Step 5 - The config injects logic into req. handling (+6 lines)
Up to now the config ran once at startup. Now it defines a function that the Go runtime will call on every request. We register fn, a function that creates functions for this.
evaldo.RegisterBuiltinsFilter(ps, []string{"fn", "replace", "capitalize", "str"})
In the HTTP handler:
title := slug
if fn, ok := ps.Ctx.GetFunction("page-title", ps.Idx); ok {
evaldo.CallFunctionArgsN(fn, ps, ps.Ctx, *env.NewString(slug))
if s, ok := ps.Res.(env.String); ok {
title = s.Value
}
}
ps.Ctx.GetFunction looks up a word in the config’s context. evaldo.CallFunctionArgsN invokes it with the program state, so the function sees the context it
was defined in. The result comes back in ps.Res, type-asserted to string.
page-title: fn { slug } {
slug .replace "-" " " |capitalize
}
So our config now has custom functions that the parent Go app uses.
Step 6 - Debugging the config live (+2 lines of Go)
Config files aren’t usually known for good debugging. If we are lucky we can print or log some value. Rye has a helpful function probe and even a console (REPL), so we can do better.
evaldo.RegisterBuiltinsFilter(ps, []string{"probe", "enter-console"})

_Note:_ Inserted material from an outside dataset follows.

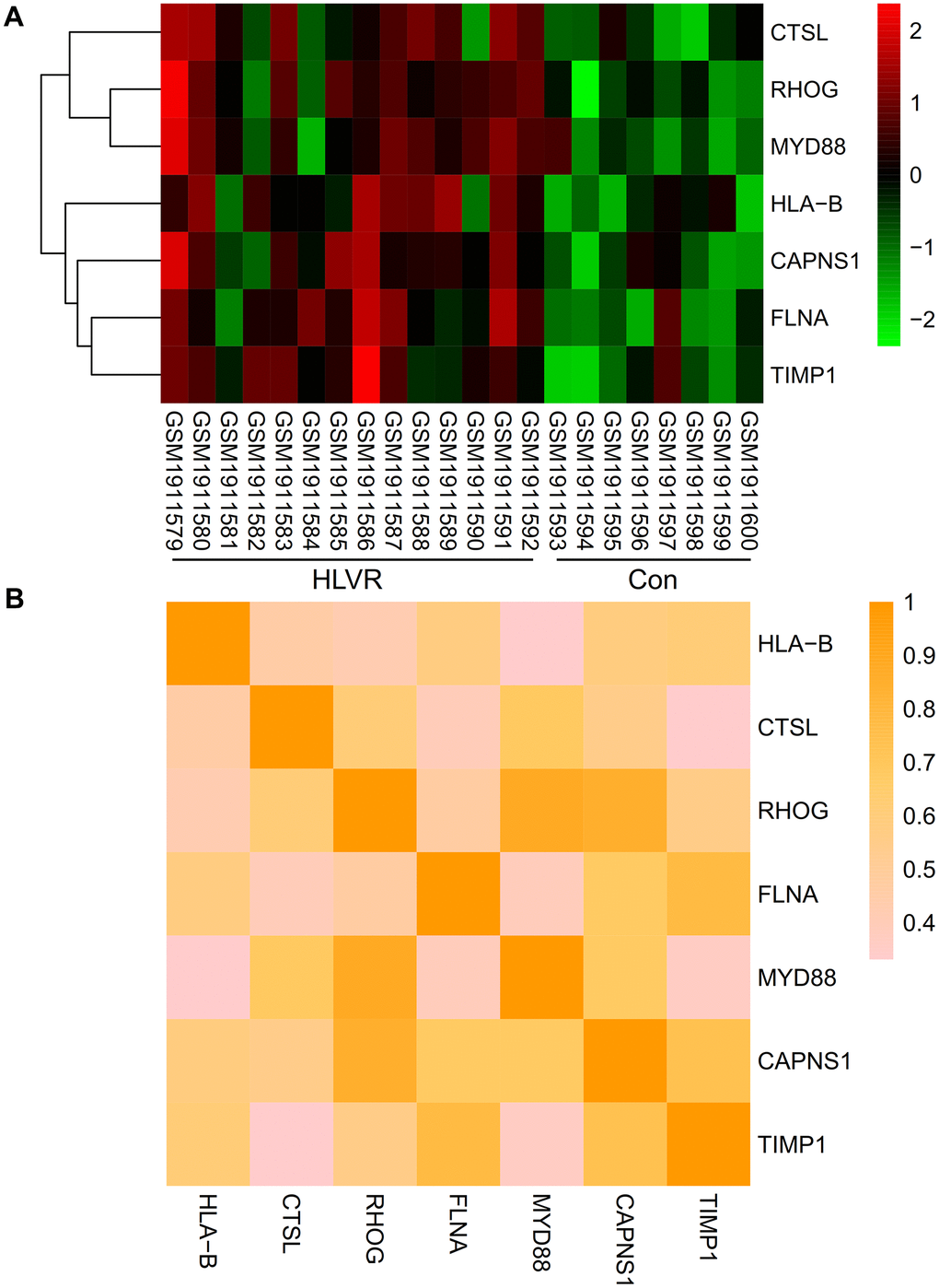 A heatmap was generated to show the expression levels of significant hub genes in the GSE74144 dataset. When compared with the control white blood cell samples, the expression of HLA-B, CTSL, RHOG, FLNA, MYD88, CAPNS1, and TIMP1 were up-regulated in the HLVR white blood cell samples (Figure 5A). The correlations among all significant hub genes are shown in Figure 5B.

// Execution limits for safety
ps.MaxCallDepth = 50
ps.MaxOps = 10_000
probe prints a value (with type information) and passes it through:
port: probe any { get-env "PORT" "3000" }
; prints [String 3000] when the env variable isn't set
enter-console is the useful one. Your process drops into a live REPL with the full current context. If your config is failing in production, you don’t just get a log line, you get a terminal:
[enter-console: after-routes]
> lc ; list context
port [String 3000]
docs-dir [String content]
route [Builtin(2): Defines a route]
page-title [Function(1)]
> probe port
[String 3000]
> port:: "8080"
> [Ctrl-c]
Changes made at the prompt take effect when you exit. The rest of the config continues evaluating with the modified context. Remove the enter-console line when done.
What we ended up with
| Step | Go lines | Config capability |
|---|---|---|
| 1 | ~80 | Static values - pure data notation |
| 2 | +2 | Arithmetic, derived values |
| 3 | +6 | Env vars with any { } fallbacks |
| 4 | +14 | Routes, if, conditional logic |
| 5 | +6 | User-defined fn callbacks into request handling |
| 6 | +2 | probe + live REPL debugging |
A note on execution limits
Beyond controlling which words exist, you can also cap how much work the evaluator is allowed to do:
ps.MaxCallDepth = 50 // stop if recursion exceeds 50 frames
ps.MaxOps = 10_000 // stop after 10k expression evaluations
Both default to zero (unlimited). Set them before EvalBlock and any runaway config, infinite recursion, returns an error instead of spinning forever.
Recap
The blacklist model (embed Lua, remove os and io) is dangerous by definition. In our Rye examples, we started with zero, just INI level config and kept adding just what we decided to add. At step 5 config author can even define live functions.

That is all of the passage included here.